• _EXERCISE AIM_
No pictures go into the copy. Write out exactly the lines below from the one containing "Укрепление берега вблизи" through the one containing "Koncert cieszył się".

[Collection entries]
##############################

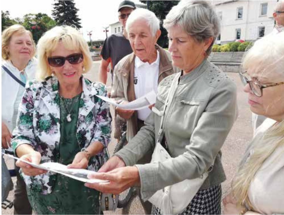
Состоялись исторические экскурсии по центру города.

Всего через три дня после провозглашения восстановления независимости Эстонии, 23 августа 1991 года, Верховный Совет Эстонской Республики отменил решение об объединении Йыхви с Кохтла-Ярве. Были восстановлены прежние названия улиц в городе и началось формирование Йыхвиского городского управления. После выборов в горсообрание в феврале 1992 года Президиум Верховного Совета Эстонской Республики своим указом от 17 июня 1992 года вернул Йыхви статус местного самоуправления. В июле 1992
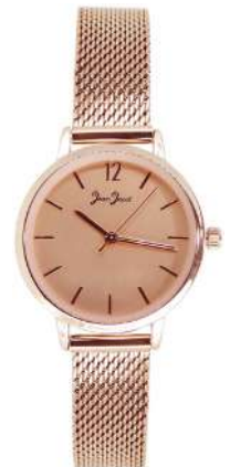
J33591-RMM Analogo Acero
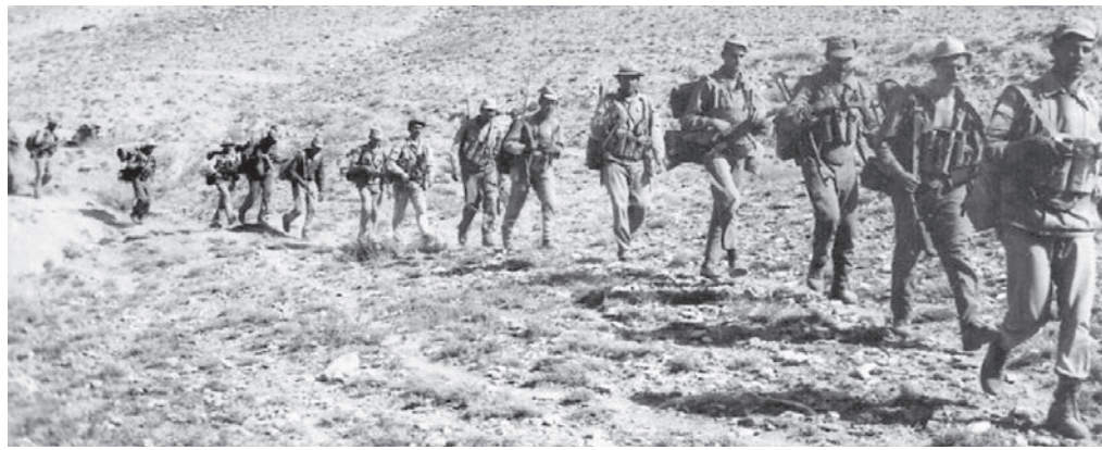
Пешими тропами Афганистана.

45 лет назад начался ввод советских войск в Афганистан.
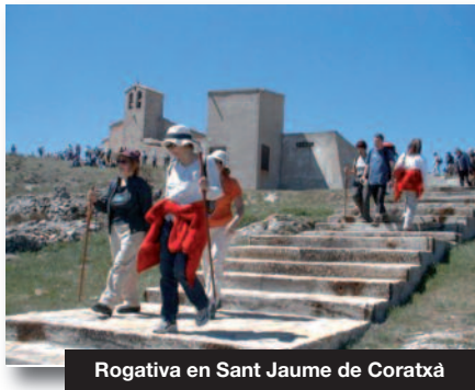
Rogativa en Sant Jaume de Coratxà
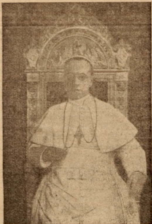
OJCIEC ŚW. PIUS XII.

##############################

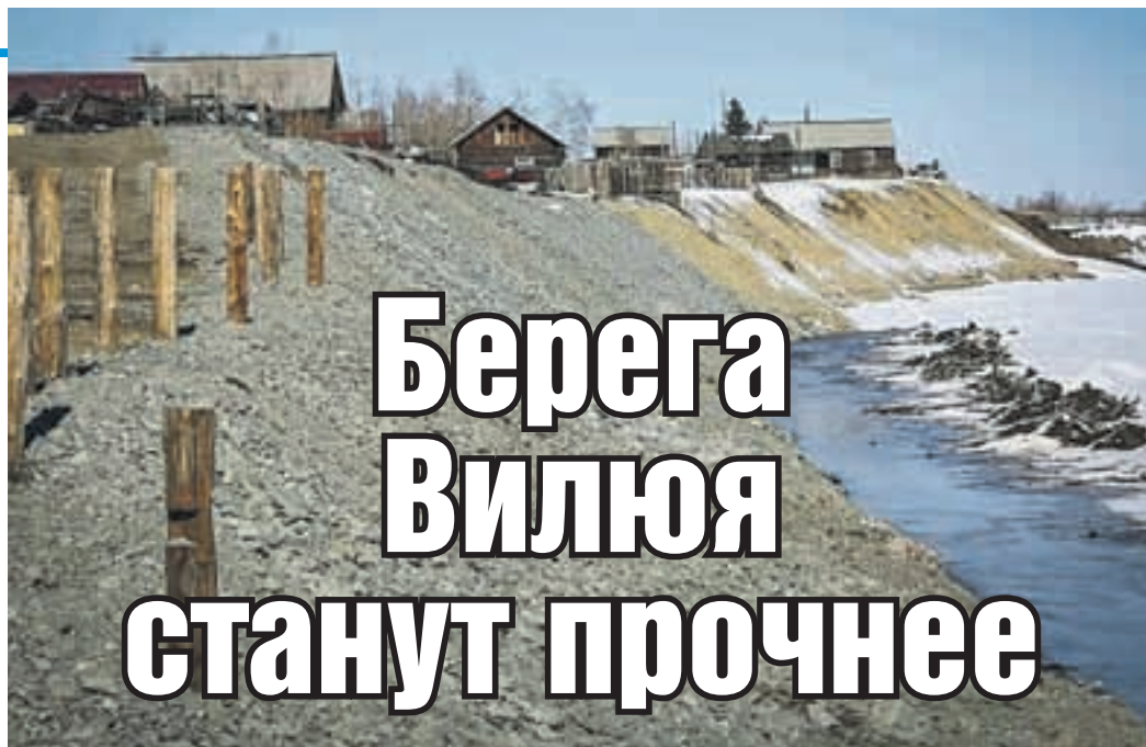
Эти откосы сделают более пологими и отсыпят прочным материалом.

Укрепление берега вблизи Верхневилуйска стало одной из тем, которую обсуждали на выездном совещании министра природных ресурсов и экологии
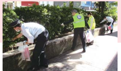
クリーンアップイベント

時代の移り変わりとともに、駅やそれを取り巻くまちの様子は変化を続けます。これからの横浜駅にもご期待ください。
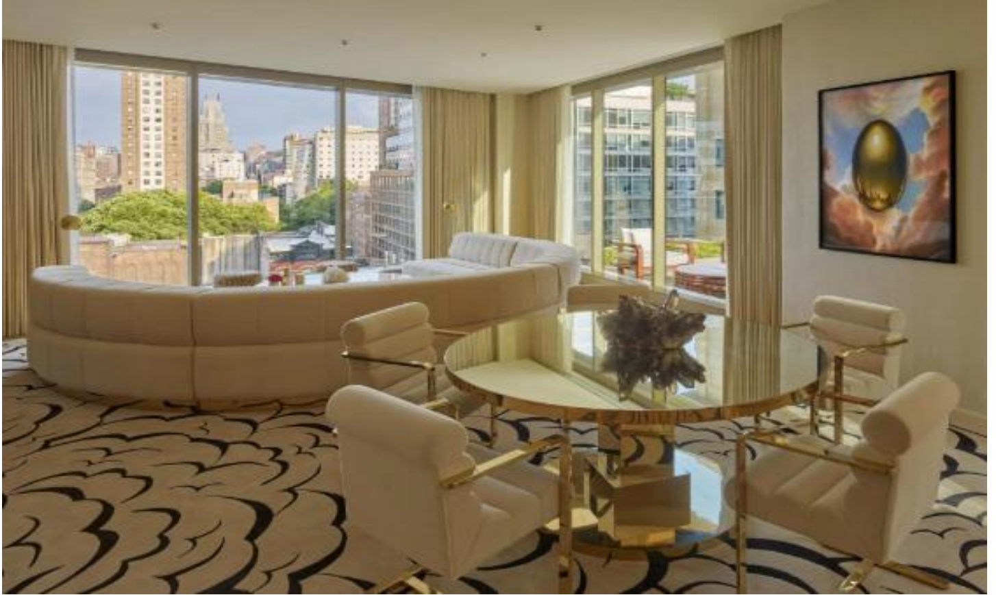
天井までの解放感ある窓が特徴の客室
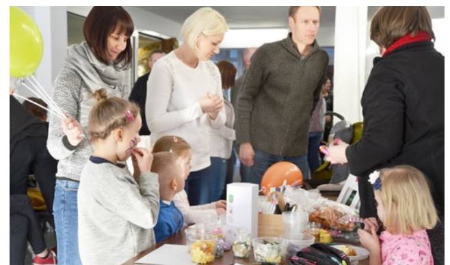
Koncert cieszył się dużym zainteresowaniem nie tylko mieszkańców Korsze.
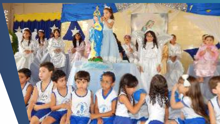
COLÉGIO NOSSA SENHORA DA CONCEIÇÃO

##############################

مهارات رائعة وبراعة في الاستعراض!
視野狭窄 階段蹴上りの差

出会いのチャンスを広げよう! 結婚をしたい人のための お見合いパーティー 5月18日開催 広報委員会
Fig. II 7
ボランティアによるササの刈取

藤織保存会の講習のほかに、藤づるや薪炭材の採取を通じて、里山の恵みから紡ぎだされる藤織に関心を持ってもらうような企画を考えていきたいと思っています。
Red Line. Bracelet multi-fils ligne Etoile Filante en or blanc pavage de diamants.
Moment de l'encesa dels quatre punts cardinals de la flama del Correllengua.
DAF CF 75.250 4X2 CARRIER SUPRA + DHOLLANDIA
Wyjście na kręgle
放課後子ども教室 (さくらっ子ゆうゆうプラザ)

##############################

• _ANSWER SPACE_
Укрепление берега вблизи Верхневилуйска стало одной из тем, которую обсуждали на выездном совещании министра природных ресурсов и экологии
クリーンアップイベント

時代の移り変わりとともに、駅やそれを取り巻くまちの様子は変化を続けます。これからの横浜駅にもご期待ください。
天井までの解放感ある窓が特徴の客室
Koncert cieszył się dużym zainteresowaniem nie tylko mieszkańców Korsze.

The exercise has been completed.